Conda on Spiedie (intermediate)


This tutorial illustrates the use of the Conda environment manager along with the GPU compute node on Spiedie.

If you’de like to run the same job, but using Singularity instead of Conda, click here!

Click here for more information on when to use Conda vs. Sinularity vs. Modules

Things covered in this guide:

  1. Enabling and using Conda
  2. Accessing a GPUCompute partition
  3. Running a GPU-enabled workload

Requirements to complete the guide:

  1. Familiarity with Spiedie (try the quick start if you haven’t)
  2. Familiarity with shell commands and python

Enabling Conda on Spiedie

For this tutorial, we will be enabling the Conda package and environment manager on Spiedie to set up our environment and install packages.

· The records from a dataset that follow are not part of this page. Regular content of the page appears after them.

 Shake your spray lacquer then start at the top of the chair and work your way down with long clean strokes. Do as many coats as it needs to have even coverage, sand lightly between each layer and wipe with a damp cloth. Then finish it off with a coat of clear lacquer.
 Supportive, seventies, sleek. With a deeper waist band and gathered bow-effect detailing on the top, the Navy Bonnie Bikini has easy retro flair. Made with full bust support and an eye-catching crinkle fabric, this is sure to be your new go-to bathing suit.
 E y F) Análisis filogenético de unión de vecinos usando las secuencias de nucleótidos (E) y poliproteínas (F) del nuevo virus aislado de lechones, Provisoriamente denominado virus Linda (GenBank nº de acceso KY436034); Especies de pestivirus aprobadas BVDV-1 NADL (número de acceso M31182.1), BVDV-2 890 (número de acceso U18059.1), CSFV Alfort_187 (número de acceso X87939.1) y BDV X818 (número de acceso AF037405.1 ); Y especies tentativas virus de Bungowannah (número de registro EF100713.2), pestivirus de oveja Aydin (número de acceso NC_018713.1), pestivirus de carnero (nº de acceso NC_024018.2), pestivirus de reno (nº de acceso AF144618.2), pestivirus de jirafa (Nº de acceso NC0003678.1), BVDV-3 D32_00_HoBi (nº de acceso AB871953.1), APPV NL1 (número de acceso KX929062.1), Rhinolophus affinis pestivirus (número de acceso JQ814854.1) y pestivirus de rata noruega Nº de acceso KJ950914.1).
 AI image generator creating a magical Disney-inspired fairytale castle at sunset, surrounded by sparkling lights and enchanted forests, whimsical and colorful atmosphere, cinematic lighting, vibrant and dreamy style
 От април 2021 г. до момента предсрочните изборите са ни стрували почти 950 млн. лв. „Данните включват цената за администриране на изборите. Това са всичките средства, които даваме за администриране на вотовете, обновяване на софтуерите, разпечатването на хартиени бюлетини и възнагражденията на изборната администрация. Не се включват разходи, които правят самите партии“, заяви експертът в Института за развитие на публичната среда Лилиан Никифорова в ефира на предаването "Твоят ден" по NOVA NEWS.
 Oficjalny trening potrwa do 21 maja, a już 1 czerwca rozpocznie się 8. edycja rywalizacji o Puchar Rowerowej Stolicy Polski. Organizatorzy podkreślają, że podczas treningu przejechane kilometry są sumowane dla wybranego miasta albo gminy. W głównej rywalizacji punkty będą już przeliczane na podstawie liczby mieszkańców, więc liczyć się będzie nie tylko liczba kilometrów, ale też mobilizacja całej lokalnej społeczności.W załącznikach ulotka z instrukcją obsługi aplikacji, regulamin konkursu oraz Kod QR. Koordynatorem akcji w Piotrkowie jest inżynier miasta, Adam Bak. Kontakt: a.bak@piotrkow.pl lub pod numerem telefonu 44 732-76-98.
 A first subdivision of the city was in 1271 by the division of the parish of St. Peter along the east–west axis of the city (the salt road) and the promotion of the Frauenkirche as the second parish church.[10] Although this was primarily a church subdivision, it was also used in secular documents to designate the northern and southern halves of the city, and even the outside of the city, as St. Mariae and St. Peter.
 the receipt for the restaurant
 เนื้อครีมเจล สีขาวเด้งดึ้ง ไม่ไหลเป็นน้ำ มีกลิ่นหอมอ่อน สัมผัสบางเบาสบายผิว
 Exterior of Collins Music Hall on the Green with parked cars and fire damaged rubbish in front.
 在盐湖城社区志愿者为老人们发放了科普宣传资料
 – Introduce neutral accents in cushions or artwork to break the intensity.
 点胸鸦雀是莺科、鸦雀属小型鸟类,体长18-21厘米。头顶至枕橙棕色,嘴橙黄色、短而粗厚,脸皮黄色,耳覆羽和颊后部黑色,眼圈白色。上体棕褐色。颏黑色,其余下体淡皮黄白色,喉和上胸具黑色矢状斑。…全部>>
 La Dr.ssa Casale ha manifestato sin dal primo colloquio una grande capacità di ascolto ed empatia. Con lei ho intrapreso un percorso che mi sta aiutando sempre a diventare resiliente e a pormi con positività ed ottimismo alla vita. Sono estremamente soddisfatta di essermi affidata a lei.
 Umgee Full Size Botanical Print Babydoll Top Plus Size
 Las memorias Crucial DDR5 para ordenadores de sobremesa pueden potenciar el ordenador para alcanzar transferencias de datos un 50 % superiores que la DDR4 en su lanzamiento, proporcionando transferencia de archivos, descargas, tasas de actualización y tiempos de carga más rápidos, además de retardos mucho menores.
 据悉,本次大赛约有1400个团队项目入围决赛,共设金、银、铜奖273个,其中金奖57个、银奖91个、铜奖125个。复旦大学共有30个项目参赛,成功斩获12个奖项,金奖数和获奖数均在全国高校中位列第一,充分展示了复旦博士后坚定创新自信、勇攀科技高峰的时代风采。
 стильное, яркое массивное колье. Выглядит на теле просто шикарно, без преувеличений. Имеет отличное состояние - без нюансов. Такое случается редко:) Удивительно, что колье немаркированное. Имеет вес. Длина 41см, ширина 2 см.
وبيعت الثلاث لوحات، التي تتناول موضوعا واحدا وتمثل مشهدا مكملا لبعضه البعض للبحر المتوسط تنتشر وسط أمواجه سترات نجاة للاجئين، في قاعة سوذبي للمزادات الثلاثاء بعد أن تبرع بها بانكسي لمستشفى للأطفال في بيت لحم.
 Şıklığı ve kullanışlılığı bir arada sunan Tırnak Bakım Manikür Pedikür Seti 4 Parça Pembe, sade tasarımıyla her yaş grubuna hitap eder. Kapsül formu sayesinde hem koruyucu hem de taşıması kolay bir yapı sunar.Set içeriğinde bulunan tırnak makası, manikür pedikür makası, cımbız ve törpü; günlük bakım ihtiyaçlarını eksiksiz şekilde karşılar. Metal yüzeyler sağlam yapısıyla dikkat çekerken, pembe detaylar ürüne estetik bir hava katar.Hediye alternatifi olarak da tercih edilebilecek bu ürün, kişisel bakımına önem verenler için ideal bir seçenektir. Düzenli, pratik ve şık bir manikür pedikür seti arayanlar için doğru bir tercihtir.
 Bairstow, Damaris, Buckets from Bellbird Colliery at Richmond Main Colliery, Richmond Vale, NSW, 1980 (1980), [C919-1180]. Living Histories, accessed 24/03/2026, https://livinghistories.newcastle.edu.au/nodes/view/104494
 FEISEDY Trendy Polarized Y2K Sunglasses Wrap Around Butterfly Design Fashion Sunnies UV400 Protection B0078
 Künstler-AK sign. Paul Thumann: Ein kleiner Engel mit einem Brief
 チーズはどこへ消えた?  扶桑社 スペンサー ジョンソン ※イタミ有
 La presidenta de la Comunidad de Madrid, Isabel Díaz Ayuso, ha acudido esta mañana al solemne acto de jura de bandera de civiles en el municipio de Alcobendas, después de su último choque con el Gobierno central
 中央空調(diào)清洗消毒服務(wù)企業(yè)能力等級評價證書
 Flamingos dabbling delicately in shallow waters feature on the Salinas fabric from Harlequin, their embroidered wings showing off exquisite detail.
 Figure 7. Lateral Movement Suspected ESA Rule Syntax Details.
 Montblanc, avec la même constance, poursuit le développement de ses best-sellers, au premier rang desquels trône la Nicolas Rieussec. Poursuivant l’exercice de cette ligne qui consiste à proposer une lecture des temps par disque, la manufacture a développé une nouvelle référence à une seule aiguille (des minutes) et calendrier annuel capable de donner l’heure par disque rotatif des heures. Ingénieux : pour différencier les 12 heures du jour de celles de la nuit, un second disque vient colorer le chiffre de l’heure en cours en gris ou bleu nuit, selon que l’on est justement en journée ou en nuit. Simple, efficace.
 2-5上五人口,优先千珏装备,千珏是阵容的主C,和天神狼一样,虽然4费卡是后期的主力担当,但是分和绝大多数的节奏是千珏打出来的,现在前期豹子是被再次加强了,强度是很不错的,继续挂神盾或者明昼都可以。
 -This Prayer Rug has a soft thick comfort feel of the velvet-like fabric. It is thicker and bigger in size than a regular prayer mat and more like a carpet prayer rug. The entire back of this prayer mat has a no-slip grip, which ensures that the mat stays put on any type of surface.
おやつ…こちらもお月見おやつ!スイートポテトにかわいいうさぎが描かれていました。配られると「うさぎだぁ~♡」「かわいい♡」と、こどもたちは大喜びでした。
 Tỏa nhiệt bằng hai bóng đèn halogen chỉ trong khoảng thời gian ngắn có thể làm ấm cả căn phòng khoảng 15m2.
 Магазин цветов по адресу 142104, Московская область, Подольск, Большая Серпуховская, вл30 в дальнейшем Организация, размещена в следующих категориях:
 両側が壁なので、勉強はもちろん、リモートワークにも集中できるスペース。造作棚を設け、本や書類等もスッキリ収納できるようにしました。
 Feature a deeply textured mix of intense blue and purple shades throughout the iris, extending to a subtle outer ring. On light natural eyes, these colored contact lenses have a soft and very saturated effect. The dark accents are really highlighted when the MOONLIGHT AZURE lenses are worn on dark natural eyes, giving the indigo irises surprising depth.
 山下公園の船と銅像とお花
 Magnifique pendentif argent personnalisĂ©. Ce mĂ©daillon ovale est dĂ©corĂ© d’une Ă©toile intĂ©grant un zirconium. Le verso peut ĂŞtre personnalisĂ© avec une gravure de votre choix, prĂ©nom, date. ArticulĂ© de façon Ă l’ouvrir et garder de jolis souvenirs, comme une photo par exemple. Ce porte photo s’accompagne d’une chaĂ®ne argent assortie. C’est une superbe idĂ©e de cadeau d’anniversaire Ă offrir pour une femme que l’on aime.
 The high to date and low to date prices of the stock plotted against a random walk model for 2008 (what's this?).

In order to activate Conda at log in on Spiedie, log in and run the following command:

/cm/shared/apps/miniconda/bin/conda init

Then, close the window and log back in.

You should see the terminal include the base environment tag like:

(base)[username@spiedie81 ~]:

NOte: You do not have to repeat this step every time you want to use Conda. This will automatically start every time you log in

Note: If you would like to disable Conda at log in and would like to use Conda, run:

conda config --set auto_activate_base false

Install packages

We will be using GPU enabled TensorFlow to test out our python GPU code. To create a new virtual environment called spiedie_tf_gpu and install tensorflow-gpu on it, run

conda create --name spiedie_tf_gpu tensorflow-gpu

Access GPU partition

For this tutorial, we will be accessing the interactive shell on a GPUCompute node. In order to request a shell session on SLURM, run:

srun --partition=gpucompute --gres=gpu:1 --pty bash

Since, we will only be running a simple gpu test program, we will not request additional memory or resources.

Running the program

Once assigned to a GPU node, switch to the new virtual environment using:

conda activate spiedie_tf_gpu

We will be running a simple 5000 element dot product on our P100 GPUs and logging the device placement. You can download here.

Download the source code and transfer it to your home directory. For instructions, click here

Before running the code, we must load the CUDA-toolkit drivers, by running:

module load cuda10.1/toolkit/10.1.105

** Note: We have used CUDA 10.1 for the purposes of this tutorial **

Once, the module is loaded, we can simply run the program with:

python tf_gpu.py 

You should see the following output:

Device mapping:
/job:localhost/replica:0/task:0/device:XLA_CPU:0 -> device: XLA_CPU device
/job:localhost/replica:0/task:0/device:GPU:0 -> device: 0, name: Tesla P100-PCIE-12GB, pci bus id: 0000:82:00.0, compute capability: 6.0
/job:localhost/replica:0/task:0/device:GPU:1 -> device: 1, name: Tesla P100-PCIE-12GB, pci bus id: 0000:83:00.0, compute capability: 6.0
/job:localhost/replica:0/task:0/device:XLA_GPU:0 -> device: XLA_GPU device
/job:localhost/replica:0/task:0/device:XLA_GPU:1 -> device: XLA_GPU device
2019-07-15 13:42:49.767029: I tensorflow/core/common_runtime/direct_session.cc:317] Device mapping:
/job:localhost/replica:0/task:0/device:XLA_CPU:0 -> device: XLA_CPU device
/job:localhost/replica:0/task:0/device:GPU:0 -> device: 0, name: Tesla P100-PCIE-12GB, pci bus id: 0000:82:00.0, compute capability: 6.0
/job:localhost/replica:0/task:0/device:GPU:1 -> device: 1, name: Tesla P100-PCIE-12GB, pci bus id: 0000:83:00.0, compute capability: 6.0
/job:localhost/replica:0/task:0/device:XLA_GPU:0 -> device: XLA_GPU device
/job:localhost/replica:0/task:0/device:XLA_GPU:1 -> device: XLA_GPU device

MatMul: (MatMul): /job:localhost/replica:0/task:0/device:GPU:0
2019-07-15 13:42:49.768241: I tensorflow/core/common_runtime/placer.cc:1059] MatMul: (MatMul)/job:localhost/replica:0/task:0/device:GPU:0
a: (Const): /job:localhost/replica:0/task:0/device:GPU:0
2019-07-15 13:42:49.768275: I tensorflow/core/common_runtime/placer.cc:1059] a: (Const)/job:localhost/replica:0/task:0/device:GPU:0
b: (Const): /job:localhost/replica:0/task:0/device:GPU:0
2019-07-15 13:42:49.768300: I tensorflow/core/common_runtime/placer.cc:1059] b: (Const)/job:localhost/replica:0/task:0/device:GPU:0

The above workflow can modified to work with sbatch and for general purpose TensorFlow GPU usage.